- _What you have to do_:
Repeat only what runs from the line with "牛年卡通牛2021新年春节国风插图插画创意AI元素海报模板素材设计" through the last line of the data below, both included, keeping every word as it is and leaving out the pictures.

- _Information supplied_:
======

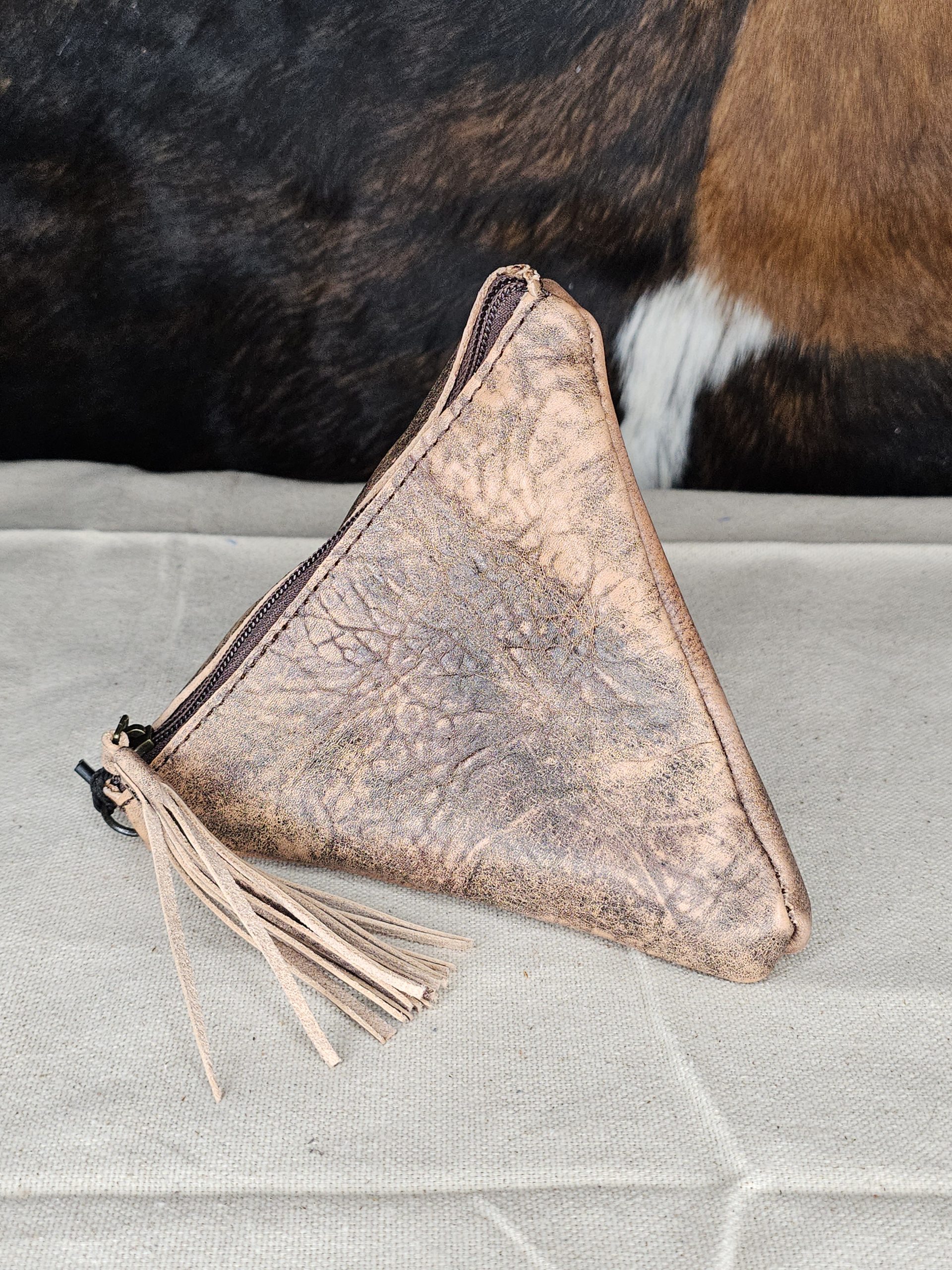 American Darling genuine leather wristlet in triangular shape. Leather tassel zipper pull, detachable wrist strap. Measures: 8 inches X 8 inches X 8 inches.
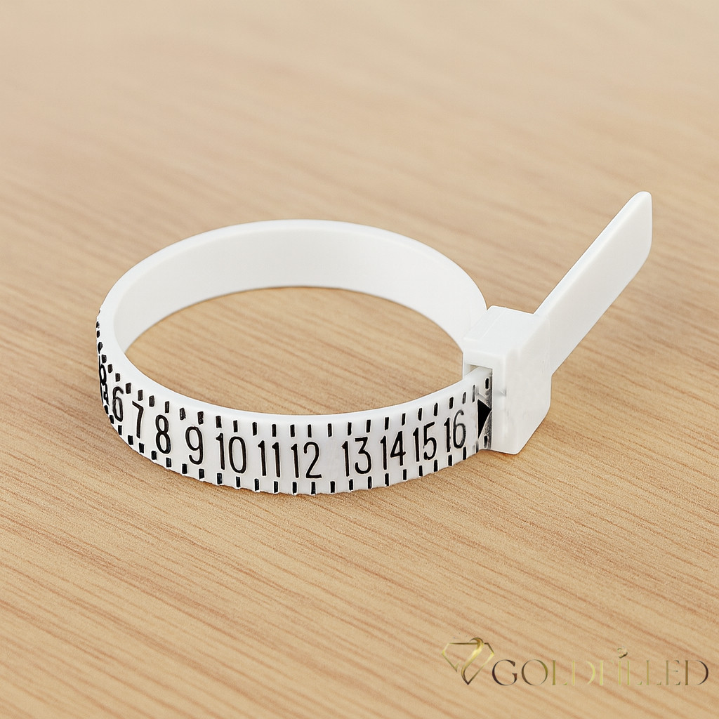 Ring size measuring tool (ali Ring sizer) To je nastavljiv plastični merilnik prstanov, s katerim lahko natančno izmerite obseg prsta pri nakupu prstana.
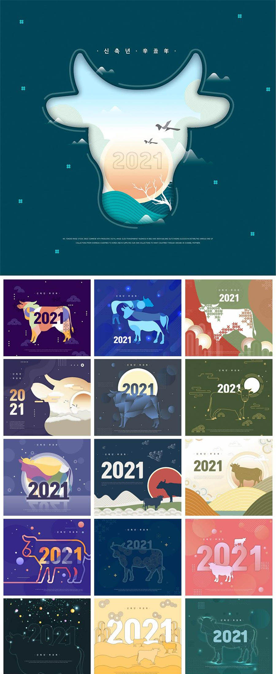 牛年卡通牛2021新年春节国风插图插画创意AI元素海报模板素材设计
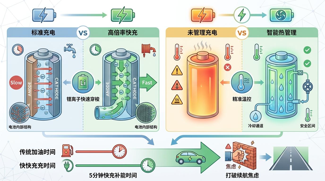 但真正让消费者下定决心的,是动力电池技术的突破。这次实现5分钟快充的核心,是高倍率电芯与智能热管理系统的协同——可以把它类比为给水管换了粗口径管道,同时加装了精准的水压温控阀:前者让锂离子能以数倍速度在电池内部穿梭,后者则把快充产生的热量牢牢控制在安全区间,避免电池老化加速。这项技术的意义在于,它第一次把电动车的补能时间,压缩到了和燃油车加油接近的量级,直接击碎了“续航焦虑”的最后一道防线。

======

- _Reply_:
 牛年卡通牛2021新年春节国风插图插画创意AI元素海报模板素材设计
 但真正让消费者下定决心的,是动力电池技术的突破。这次实现5分钟快充的核心,是高倍率电芯与智能热管理系统的协同——可以把它类比为给水管换了粗口径管道,同时加装了精准的水压温控阀:前者让锂离子能以数倍速度在电池内部穿梭,后者则把快充产生的热量牢牢控制在安全区间,避免电池老化加速。这项技术的意义在于,它第一次把电动车的补能时间,压缩到了和燃油车加油接近的量级,直接击碎了“续航焦虑”的最后一道防线。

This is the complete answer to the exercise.